A pessimistic speech by Lloyd George on 7 May 1941 led Churchill to compare him with Philippe Pétain. On 11 June 1942 he made his last-ever speech in the House of Commons, and he cast his last vote in the Commons on 18 February 1943 as one of the 121 MPs (97 Labour) condemning the Government for its failure to back the Beveridge Report. Fittingly, his final vote was in defence of the welfare state which he had helped to create.

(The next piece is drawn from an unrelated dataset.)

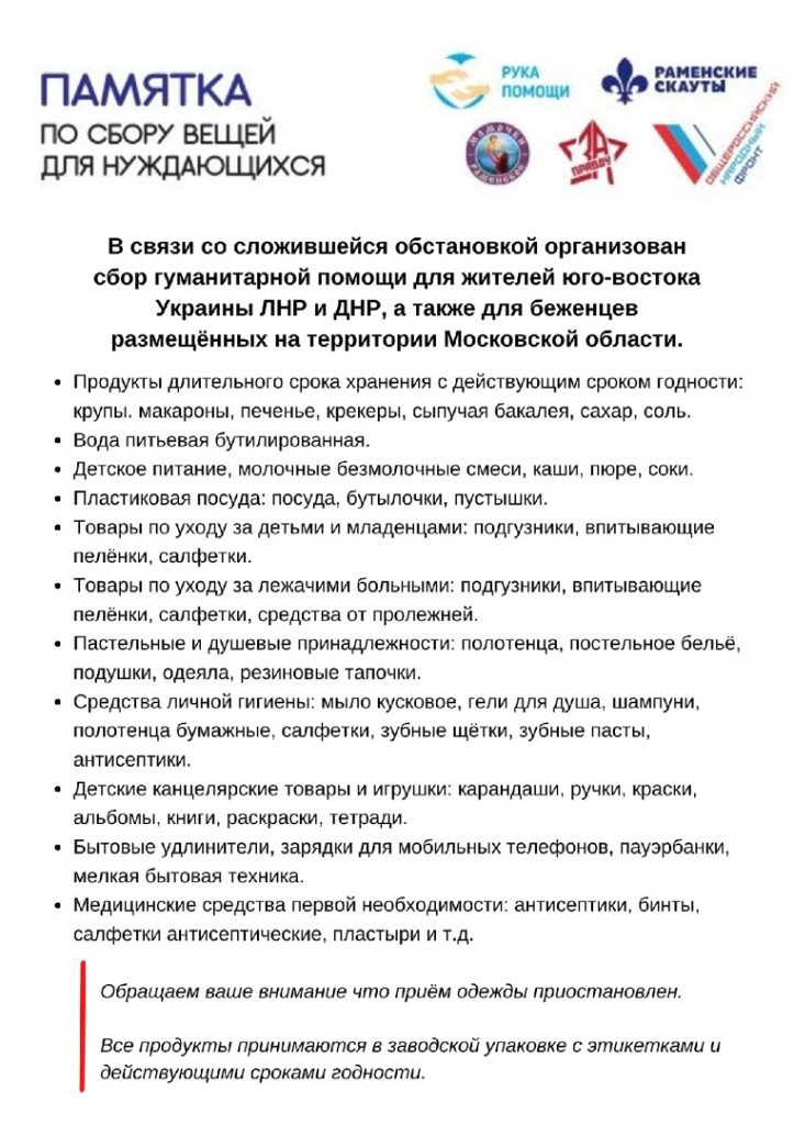 Прием одежды приостановлен. Основной акцент сейчас на сбор продуктовой помощи, средств личной гигиены, детского питания, средств для ухода за детьми.

Increasingly in his late years his characteristic political courage gave way to physical timidity and hypochondria. He continued to attend Castle Street Baptist Chapel in London, and to preside over the national eisteddfod at its Thursday session each summer. At the end, he returned to Wales. In September 1944, he and Frances left Churt for Tŷ Newydd, a farm near his boyhood home in Llanystumdwy. He was now weakening rapidly and his voice failing. He was still an MP but had learned that wartime changes in the constituency meant that Caernarfon Boroughs might go Conservative at the next election. On New Years Day 1945 Lloyd George was raised to the peerage as Earl Lloyd-George of Dwyfor and Viscount Gwynedd, of Dwyfor in the County of Caernarvonshire. Under the rules governing titles within the peerage, Lloyd George's name in his title was hyphenated even though his surname was not.
As it happened, he did not live long enough to take his seat in the House of Lords. He died of cancer on 26 March 1945, aged 82, his wife Frances and his daughter Megan at his bedside. Four days later, on Good Friday, he was buried beside the river Dwyfor in Llanystumdwy.
A great boulder marks his grave; there is no inscription. However a monument designed by the architect Sir Clough Williams-Ellis was subsequently erected around the grave, bearing an englyn (strict-metre stanza) engraved on slate in his memory composed by his nephew Dr William George. Nearby stands the Lloyd George Museum, also designed by Williams-Ellis and opened in 1963.